Closed sorgelig closed 8 years ago

sorgelig commented 8 years ago

As we talked before, ZX Spectrum core has performance issue which is clearly visible for example on scene demos like Lyra II Megademo (part with dancing girl is slow) and Shock Megademo (first part is slow). Probably it's because not enough memory access bandwidth of CPU.

harbaum commented 8 years ago

Can you give numbers? Something like "X percent" more?

sorgelig commented 8 years ago

If i look at Shock then i would say 100% more. If look at Lyra II then may be 50% more.

ghost commented 8 years ago

The best source on spectrum timings is the Harlequin clone project.

http://www.zxdesign.info/harlequin.shtml

Cheers S

On Fri, Dec 4, 2015 at 1:50 PM, sorgelig notifications@github.com wrote:

If i look at Shock then i would say 100% more. If look at Lyra II then may be 50% more.

— Reply to this email directly or view it on GitHub https://github.com/mist-devel/mist-binaries/issues/3#issuecomment-161972382 .

Stephen Leary

sorgelig commented 8 years ago

What if core will simulate video memory inside FPGA? There are only two pages with around 8kb each used for video. So, it should be able fit inside FPGA. In this case it's possible to decouple video output from other memory access and thus give more bandwidth for CPU.

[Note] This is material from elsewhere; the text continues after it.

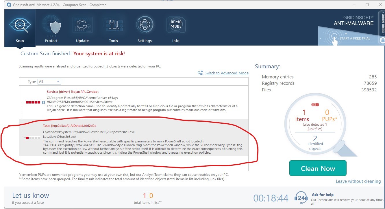 The virus is so sophisticated that also Microsoft Defender when I scan with PC Manager is able to detect it, but Microsoft Defender is not able to delete it. The PowerShell virus is like this. Look at the screenshot of GridinSoft Anti-Malware that I attached to You because GridinSoft Anti-Malware is also able to detect the virus but not able to delete it. GridinSoft Anti-Malware says you have to reboot your Computer then we will delete the virus but, after the reboot and one new scan with GridinSoft Anti-Malware that is supported by one antivirus and Computers security in Israel. After the reboot and one new scan with GridinSoft Anti-Malware the PowerShell virus is still there. Nor GridinSoft Anti-Malware nor Microsoft Defender is able to delete this PowerShell virus. They only can detect it try to delete but, they cannot delete it. The exact name and where the virus is you have in the screenshot of GridinSoft Anti-Malware.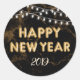 Pegatina Redonda Happy New Year String ilumina los globos de oro ne

ghost commented 8 years ago

My advice to solve this issue is to bring everything into verilator with a simulator similar to the BBC Model i wrote and then see how the fusetests behave...

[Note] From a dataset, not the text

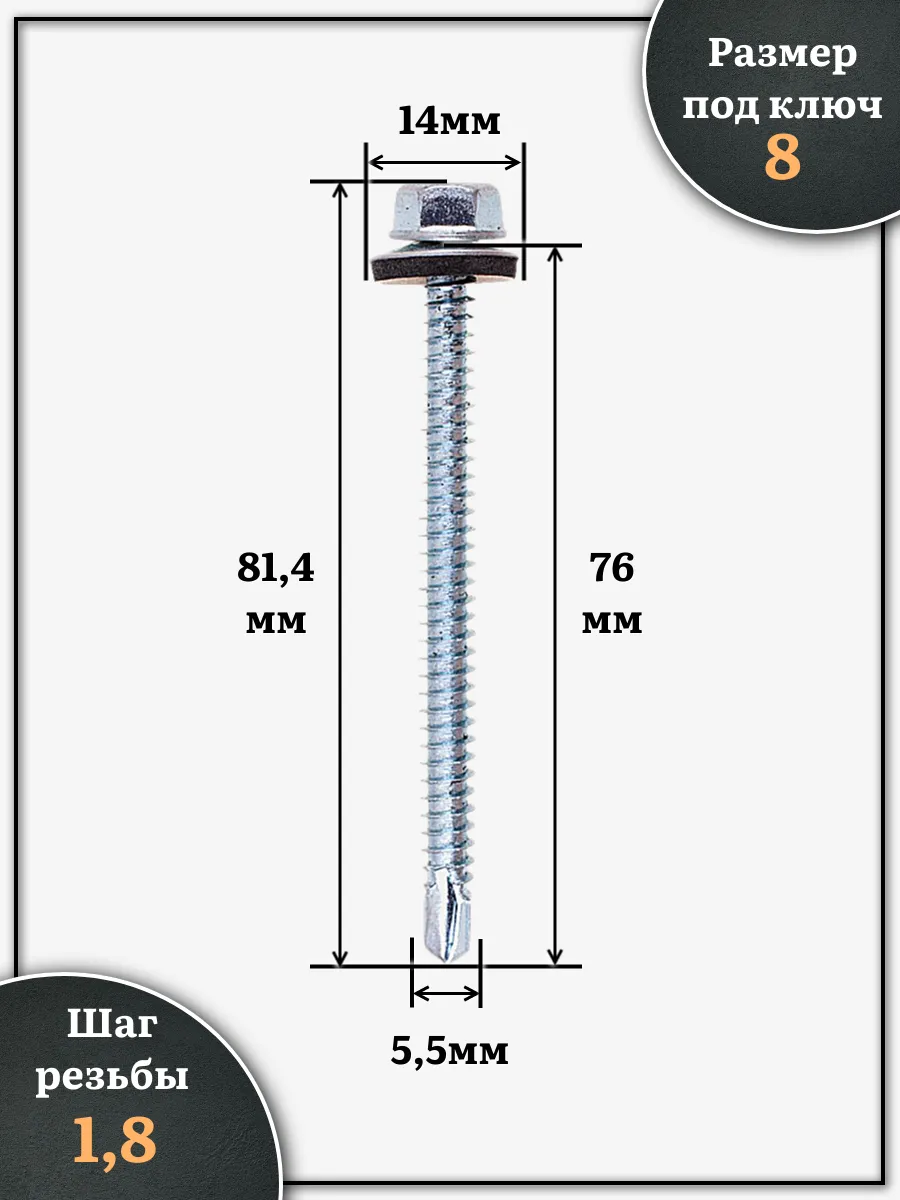 | Саморез кровельный 5,5х76 мм с шайбой (под сверло),ОЦ 100шт | B03005507633307ф100 | 1 шт. |

http://www.shadowmagic.org.uk/spectrum/fusetest.zip

S.

On Sat, Dec 5, 2015 at 7:29 AM, sorgelig notifications@github.com wrote:

What if core will simulate video memory inside FPGA? There are only two pages with around 8kb each used for video. So, it should be able fit inside FPGA. In this case it's possible to decouple video output from other memory access and thus give more bandwidth for CPU.

— Reply to this email directly or view it on GitHub https://github.com/mist-devel/mist-binaries/issues/3#issuecomment-162158089 .

Stephen Leary

ghost commented 8 years ago

Have a look at this...

I converted all the VHDL code to Verilog in here.

https://www.dropbox.com/s/ifryp98mzsiwhx6/bench.tgz?dl=0

Then I setup a ula test which runs under verilator. It doesnt run the whole machine yet but it simulates video output for the ULA.

S.

On Sat, Dec 5, 2015 at 10:51 AM, Stephen Leary sleary@vavi.co.uk wrote:

My advice to solve this issue is to bring everything into verilator with a simulator similar to the BBC Model i wrote and then see how the fusetests behave...

http://www.shadowmagic.org.uk/spectrum/fusetest.zip

S.

On Sat, Dec 5, 2015 at 7:29 AM, sorgelig notifications@github.com wrote:

What if core will simulate video memory inside FPGA? There are only two pages with around 8kb each used for video. So, it should be able fit inside FPGA. In this case it's possible to decouple video output from other memory access and thus give more bandwidth for CPU.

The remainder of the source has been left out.